何雨柱依言坐下,腰板挺直,目光平静地看着李副厂长,等待下文。
李副厂长端起桌上的茶杯,慢悠悠地呷了一口,这才开口道:“何雨柱同志啊,今天叫你来呢,主要是想了解一点情况。这位刘海中师傅,你应该认识吧?你们是一个院的。”
何雨柱这才转向刘海中,点了点头:“认识,是我们院的二大爷。”
刘海中连忙挤出一丝笑:“柱子,李副厂长关心咱们工人同志的生活和团结,有些事想问问你,你可得跟领导好好说清楚。”
何雨柱没接他的话茬,重新看向李副厂长。
李副厂长清了清嗓子,放下茶杯,手指在桌面上轻轻敲了敲,目光变得有些严肃:“何雨柱同志,根据刘海中师傅反映的情况,还有厂里这两天的一些……风声。我想跟你核实一下,你是不是在昨天下午,向警察局举报了你们同院的,同时也是咱们轧钢厂八级钳工的易中海易师傅?并且,警察已经将易师傅带走了?有没有这回事?”
果然是为了这件事!而且刘海中这个“二大爷”,果然是跑来“反映情况”了!何雨柱心中冷笑,面上却依旧平静。他没有立刻回答,而是先看了一眼刘海中,刘海中被他看得有些心虚,避开了目光。
何雨柱这才转向李副厂长,语气清晰而肯定地回答:“李副厂长,是有这么回事。我昨天下午,确实因为一些个人和家庭纠纷,向派出所报了案,民警同志也依法将易中海带回去协助调查了。”
他特意强调了“个人和家庭纠纷”以及“依法协助调查”,将事件性质限定在一定范围内。
李副厂长眉头微微皱起,似乎对何雨柱的坦然有些意外。他沉吟了一下,说道:“何雨柱同志啊,你们都是一个院的邻居,易师傅更是厂里的老师傅,技术骨干。有什么矛盾,不能通过院里调解,或者厂里工会协调解决呢?非要闹到公安局去?这影响多不好?对易师傅个人的声誉,对你们院子的团结,甚至对咱们轧钢厂的形象,都有可能造成负面影响啊。”
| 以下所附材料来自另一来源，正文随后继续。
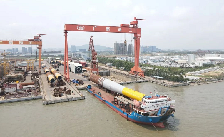 “國家電投揭陽神泉—400MW 海上風(fēng)電項(xiàng)目”首批海上風(fēng)電單樁中的23號(hào)樁交付發(fā)運(yùn),該項(xiàng)目由中國船舶集團(tuán)旗下黃埔文沖下屬文船重工承建。

这话听起来语重心长,站在领导和全局的角度,但其中的倾向性已经很明显了。
何雨柱察觉到情况不对,心中的警觉更甚。他迎着李副厂长的目光,不卑不亢地说道:“李副厂长,首先,感谢领导的关心。不过,这件事,本质上是我何雨柱与易中海之间的私人恩怨,涉及到一些陈年旧事和家庭内部的经济问题。我认为,这属于法律管辖的范畴,应该由公安机关依法处理。似乎……与轧钢厂的生产工作,没有直接关系。”
他这话绵里藏针,先是把事件定性为“私人恩怨”和“法律问题”,接着点明“与工厂工作无直接关系”,意思就是:这事归警察管,厂领导似乎不太适合直接介入干预。
李副厂长被这话噎了一下,脸色微微一沉,但很快又恢复了那副领导派头,摆摆手道:“哎,话不能这么说。易中海同志是厂里的八级工,是宝贵的技术人才,他的事情,怎么能说和厂里完全无关呢?作为厂领导,关心每一位职工,特别是骨干职工的生活和思想状况,调解内部矛盾,维护团结稳定,这也是我们的责任和义务嘛。”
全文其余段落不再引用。